This has been my New Year's Resolution for the past several years. Some say that it is too pessimistic. Up until about 2003, i would have agreed.
Until 2003, i thought of "mistakes" as "learning opportunities" -- in conversation with others. In my own self-talk, however, i harshly criticized myself for choices regarding my own learning opportunities. My fear of failure kept me frozen, unable to choose something new that had any chance to "turn out bad."
I remember being at a New Year's Eve house party years ago with several dozen others i hardly knew. In a polite conversation, someone asked me, "What is your New Year's Resolution?" I had never made a New Year's Resolution, nor did i feel any obligation to construct one that year.
To my great surprise, i spoke a sarcastic answer that became truth. "This year, i'll make all new mistakes."

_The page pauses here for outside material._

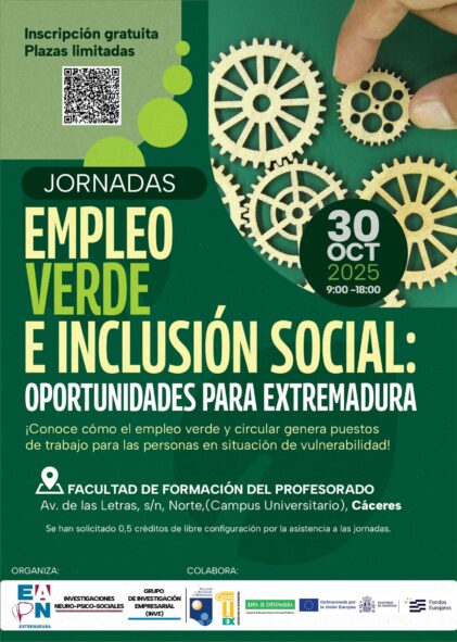 La jornada, que se desarrollará de 9:00 a 18:00 horas en el Salón de Actos de la Facultad, está organizada por los grupos de investigación Neuro-Psico-Sociales, Investigación Empresarial e INPEX, con la colaboración de la Red Europea contra la Pobreza y la Exclusión Social (EAPN Extremadura) y la Facultad de Formación del Profesorado. El evento cuenta con financiación de la Junta de Extremadura y el Ministerio de Hacienda, en el marco de los Fondos Europeos Next Generation. La inscripción es gratuita y se ha solicitado el reconocimiento de 0,5 créditos de libre configuración por la asistencia.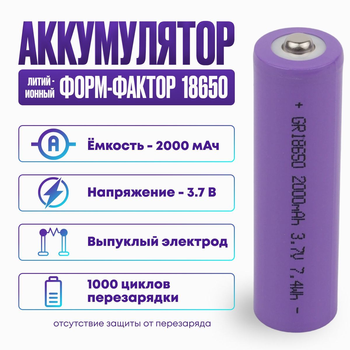 Аккумуляторная батарейка Li-ion 18650 2000 мАч 3.7 В, с выпуклым электродом для фонариков и бытовых приборов - 1 шт

This negative-sounding thought was so liberating that it changed the direction of my life. No longer did i oppressively think of each choice as a black-and-white, succeed-or-fail, do-or-die type of decision. I could suddenly consider many options, knowing that each one would not necessarily invite the most optimal results. But i was willing to give an idea a chance to get me further toward what i thought was right.
Trial-and-error was suddenly transformed into a constructive method of learning, as opposed to a terrifying binary system of life-or-death choices. The freedom to make a choice that was not the absolute fastest way to success led me to learn to do the things to which i am called by God (or the things i am inspired to do, or "meant to do").
At the time of that New Year's Eve party, i remember looking around for a friend i could trust with my revelation: I have been making the same old choices (mistakes) year after year. It has led me to the same old disappointment and self-doubt. Why would i continue to make the same mistakes, over and over, year after year, expecting a different outcome?
But those at this particular party exemplified my choices. I would not trust any one of them with feelings or thoughts about anything deeper than the weather.
New mistakes, new possibilities, new choices, new perspectives, new ways of responding to bad stuff have led to new educational options, new jobs, new paths, new relationships, new friends (much better than those at that party!), new hope beyond hope. This year, i will make choices that have the potential to be mistakes. I'm not afraid of mistakes.
Here's a new fear: I'm afraid of making the stupid choice to freeze in fear of failure, rather than learning something new while running the risk of being a part of something great.
In this new year, i hope you feel invited to make a new mistake. Make it a happy one.